Norwich Medical School, University of East Anglia, Norwich Research Park, Norwich, UK; The Earlham Institute, Norwich Research Park, Norwich, Norfolk, UK.
Eur Urol Focus. 2018 Dec;4(6):842-850. doi: 10.1016/j.euf.2017.01.016. Epub 2017 Mar 6.
A critical problem in the clinical management of prostate cancer is that it is highly heterogeneous. Accurate prediction of individual cancer behaviour is therefore not achievable at the time of diagnosis leading to substantial overtreatment. It remains an enigma that, in contrast to breast cancer, unsupervised analyses of global expression profiles have not currently defined robust categories of prostate cancer with distinct clinical outcomes.
To devise a novel classification framework for human prostate cancer based on unsupervised mathematical approaches.
DESIGN, SETTING, AND PARTICIPANTS: Our analyses are based on the hypothesis that previous attempts to classify prostate cancer have been unsuccessful because individual samples of prostate cancer frequently have heterogeneous compositions. To address this issue, we applied an unsupervised Bayesian procedure called Latent Process Decomposition to four independent prostate cancer transcriptome datasets obtained using samples from prostatectomy patients and containing between 78 and 182 participants.
Biochemical failure was assessed using log-rank analysis and Cox regression analysis.
Application of Latent Process Decomposition identified a common process in all four independent datasets examined. Cancers assigned to this process (designated DESNT cancers) are characterized by low expression of a core set of 45 genes, many encoding proteins involved in the cytoskeleton machinery, ion transport, and cell adhesion. For the three datasets with linked prostate-specific antigen failure data following prostatectomy, patients with DESNT cancer exhibited poor outcome relative to other patients (p=2.65×10, p=4.28×10, and p=2.98×10). When these three datasets were combined the independent predictive value of DESNT membership was p=1.61×10 compared with p=1.00×10 for Gleason sum. A limitation of the study is that only prediction of prostate-specific antigen failure was examined.

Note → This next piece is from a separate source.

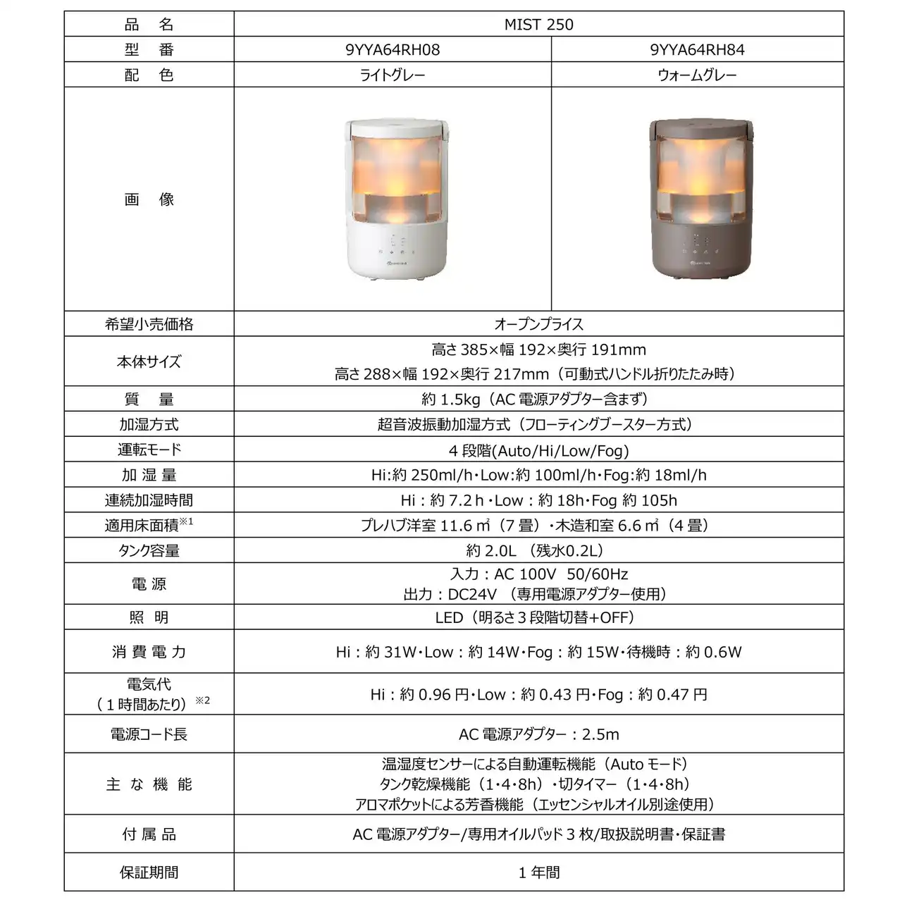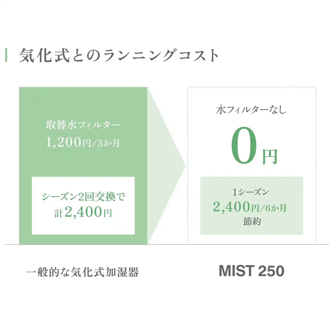 MIST 250は電気代や交換部品の低減が可能なため、環境と財布に優しい加湿器です。 |

Our results demonstrate the existence of a novel poor prognosis category of human prostate cancer and will assist in the targeting of therapy, helping avoid treatment-associated morbidity in men with indolent disease.
Prostate cancer, unlike breast cancer, does not have a robust classification framework. We propose that this failure has occurred because prostate cancer samples selected for analysis frequently have heterozygous compositions (individual samples are made up of many different parts that each have different characteristics). Applying a mathematical approach that can overcome this problem we identify a novel poor prognosis category of human prostate cancer called DESNT.
在前列腺癌的临床管理中,一个关键问题是其具有高度异质性。因此,在诊断时无法准确预测个体癌症的行为,导致过度治疗的情况大量存在。与乳腺癌形成鲜明对比的是,目前全球表达谱的无监督分析尚未定义具有明显临床结局的稳健前列腺癌类别,这仍然是一个谜。
基于无监督数学方法为人类前列腺癌设计一种新的分类框架。
设计、设置和参与者:我们的分析基于这样的假设,即以前尝试对前列腺癌进行分类之所以不成功,是因为前列腺癌的个别样本通常具有异质组成。为了解决这个问题,我们应用了一种称为潜在过程分解的无监督贝叶斯程序,该程序应用于四个独立的前列腺癌转录组数据集,这些数据集使用前列腺切除术患者的样本获得,包含 78 至 182 名参与者。
使用对数秩分析和 Cox 回归分析评估生化失败。
潜在过程分解的应用在所有四个独立的检查数据集上都确定了一个共同的过程。被分配给该过程的癌症(指定为 DESNT 癌症)的特征是一组核心 45 个基因的低表达,其中许多基因编码参与细胞骨架机械、离子转运和细胞粘附的蛋白质。对于三个具有前列腺特异性抗原失败后前列腺切除术数据链接的数据集,DESNT 癌症患者的预后相对较差(p=2.65×10,p=4.28×10,p=2.98×10)。当将这三个数据集合并时,DESNT 成员的独立预测值为 p=1.61×10,而 Gleason 总和为 p=1.00×10。研究的一个局限性是仅检查了前列腺特异性抗原失败的预测。
我们的结果表明存在一种新的人类前列腺癌预后不良类别,这将有助于靶向治疗,帮助避免患有惰性疾病的男性因治疗相关的发病率而遭受痛苦。
与乳腺癌不同,前列腺癌没有稳健的分类框架。我们提出,这种失败的发生是因为用于分析的前列腺癌样本通常具有杂合组成(单个样本由许多具有不同特征的不同部分组成)。应用一种可以克服这个问题的数学方法,我们确定了一种新的称为 DESNT 的人类前列腺癌预后不良类别。